Yup. Make sure the recipient knows when you’re sending the message though, since it will undoubtedly get caught by the spam filter.

Programming Praxis – The Playfair Cipher

July 3, 2009

Today’s Programming Praxis problem is about the Playfair Cipher, a way of encrypting messages that was used in the first and second World Wars. Our target is 44 lines, so let’s get cracking.

We’re going to need a bunch of imports on this one:

import Data.Char
import Data.List
import Data.List.HT
import Data.List.Split
import qualified Data.Map as M

And for convenience, we make a type definition for Keys.

type Key = M.Map (Int, Int) Char

In order for the algorithm to work, we’re going to have to filter all the input so that all we get is capital letters without a J.

process :: String -> String
process = replace "J" "I" . map toUpper . filter isLetter

Instead of working with a block, we turn the key into a map of of x-y coordinates to letters. This makes the rest of the algorithm simpler.

key :: String -> Key
key = M.fromList . concat .
      zipWith (\y -> zipWith (\x c -> ((x, y), c)) [0..]) [0..] .
      chunk 5 . (`union` delete 'J' ['A'..'Z']) . nub . process

bigram encodes or decodes two letters at a time according to the three given rules.

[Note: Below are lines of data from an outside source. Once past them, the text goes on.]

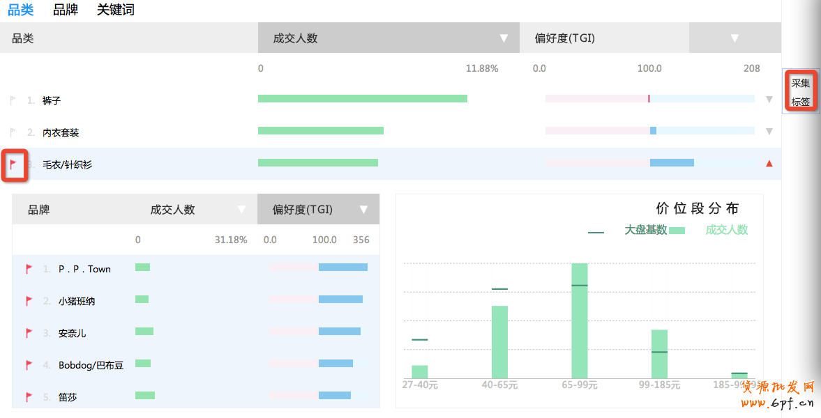 再看這些人群在全網(wǎng)細分類目下的偏好,包括偏好的品牌和價位段;從中我們可以看出,相關(guān)度高的葉子類目為童裝相關(guān)類目,喜歡購買童裝下 巴布豆等童裝品牌;
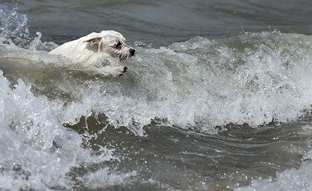 A dog swims at Baubeach in Maccarese, near Rome on August 12, 2014. At Beaubeach people accompanied by dogs can enjoy the beach during summertime. AFP PHOTO / GABRIEL BOUYS
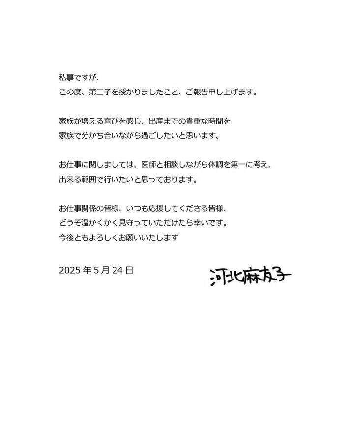 5月24日の投稿で、第2子を授かったことを公表すると、多くの祝福のメッセージが寄せられていました。
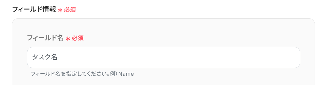 フィールド名: テーブルの列の見出しの部分を入力しましょう。今回は事前に作成したデータベースに「タスク名」があるので、以下のように設定しています。
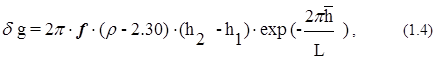 ед. СГС, h1,2 - глубины залегания верхней и нижней поверхностей пластов, L = 100 км – условная горизонтальная мощность пласта.

bigram :: Key -> Int -> Char -> Char -> String
bigram k dir c1 c2
    | y1 == y2  = get (x1 + dir, y1) : [get (x2 + dir, y2)]
    | x1 == x2  = get (x1, y1 + dir) : [get (x2, y2 + dir)]
    | otherwise = get (x2, y1)       : [get (x1, y2)]
    where (x1, y1) = head . M.keys $ M.filter (== c1) k
          (x2, y2) = head . M.keys $ M.filter (== c2) k
          get (x,y) = k M.! (mod x 5, mod y 5)

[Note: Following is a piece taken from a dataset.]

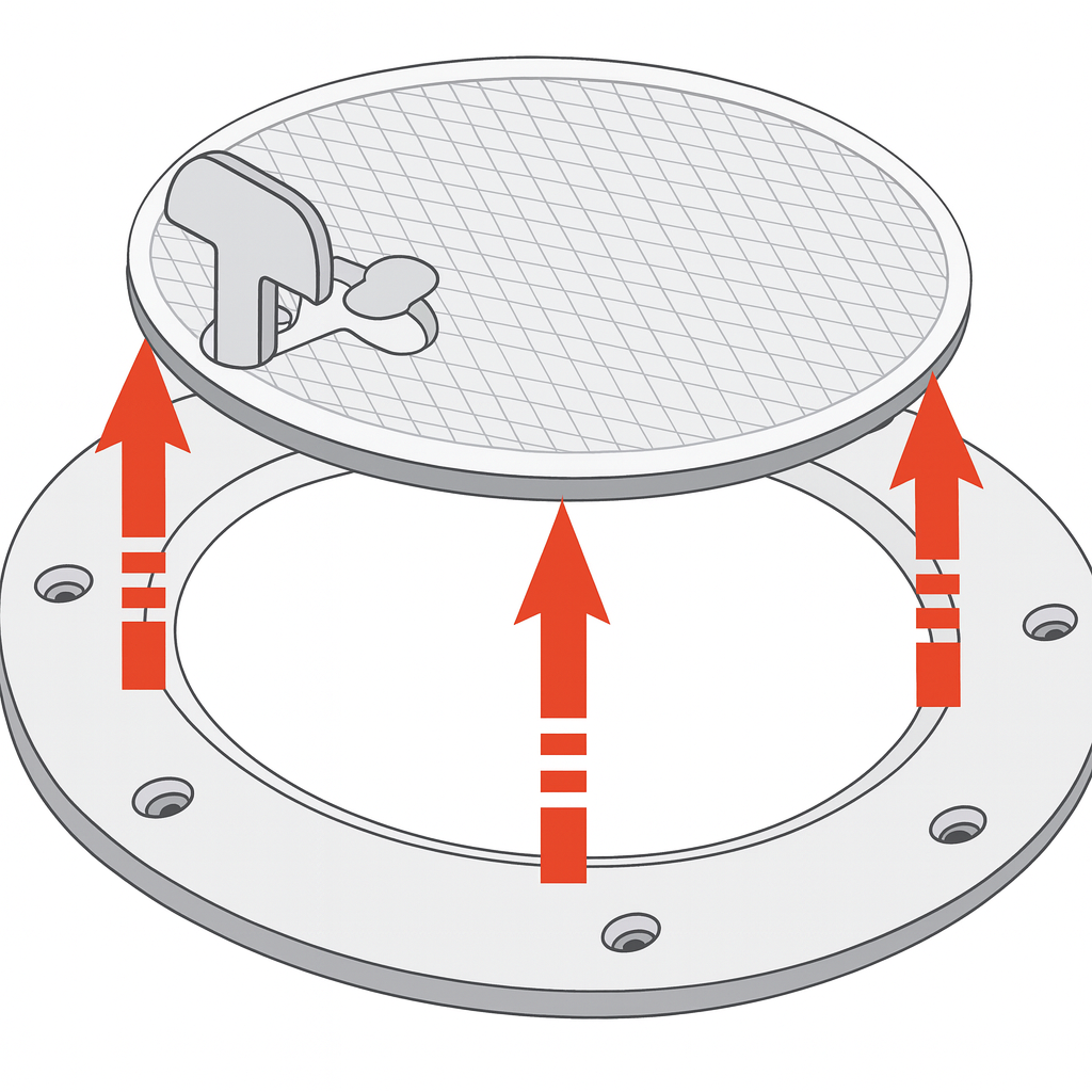 Die Inspektionsluke ist wasserdicht und schützt den darunter liegenden Bereich vor Feuchtigkeit und Wasserschäden. Dies macht sie zur perfekten Wahl für maritime Anwendungen, bei denen der Schutz vor Wasser von entscheidender Bedeutung ist.

Encoding consists of inserting Xs in the correct places and then encoding all the bigrams.

encode' :: Key -> String -> String
encode' _ []       = []
encode' k [x]      = encode' k (x : "X")
encode' k (x:y:xs) | x == y    = encode' k [x] ++ encode' k (y:xs)
                   | otherwise = bigram k 1 x y ++ encode' k xs

Decoding is simpler, since there are no special cases there.

decode' :: Key -> String -> String
decode' k = concatMap (\[x,y] -> bigram k (-1) x y) . chunk 2

And finally, two convenience functions so we can work with strings directly.

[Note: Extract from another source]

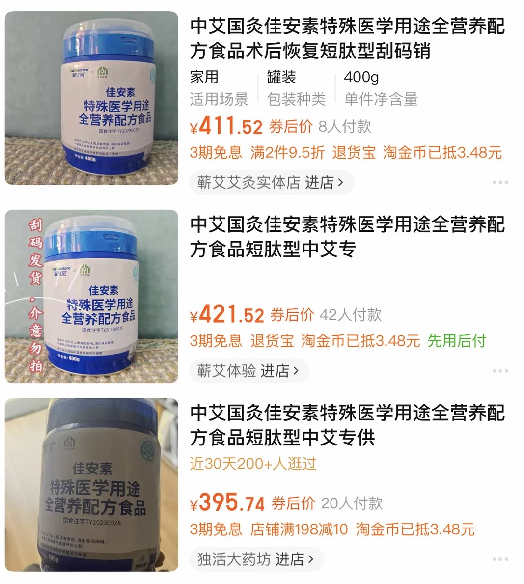 谢女士母亲所买的东西叫特医食品,一共买了6罐,花了2980块钱。谢女士此前从未听过特医食品的概念,母亲则把从艾灸馆工作人员那听到的话转述了一遍:“一个人平常吃饭,很多营养是补充不上的,必须喝特医食品才能把该补的营养补上。”

encode :: String -> String -> String
encode k = encode' (key k) . process

decode :: String -> String -> String
decode k = decode' (key k) . process

All that remains is to test if everything works correctly:

main :: IO ()
main = do print $ encode "PLAYFAIR" "PROGRAMMING PRAXIS"
          print $ decode "PLAYFAIR" "LIVOBLKZEDOELIYWCN"

And we’re done. Interestingly, if you try to decode the 1943 message, you’ll notice two errors in the result: it says Blackess instead of Blackett and coce instead of cove. I wonder if the errors were made by the original sender or by the first person to type it on a computer.

Anyway, the solution is 24 lines, just over half the size of the Scheme version. That will do nicely.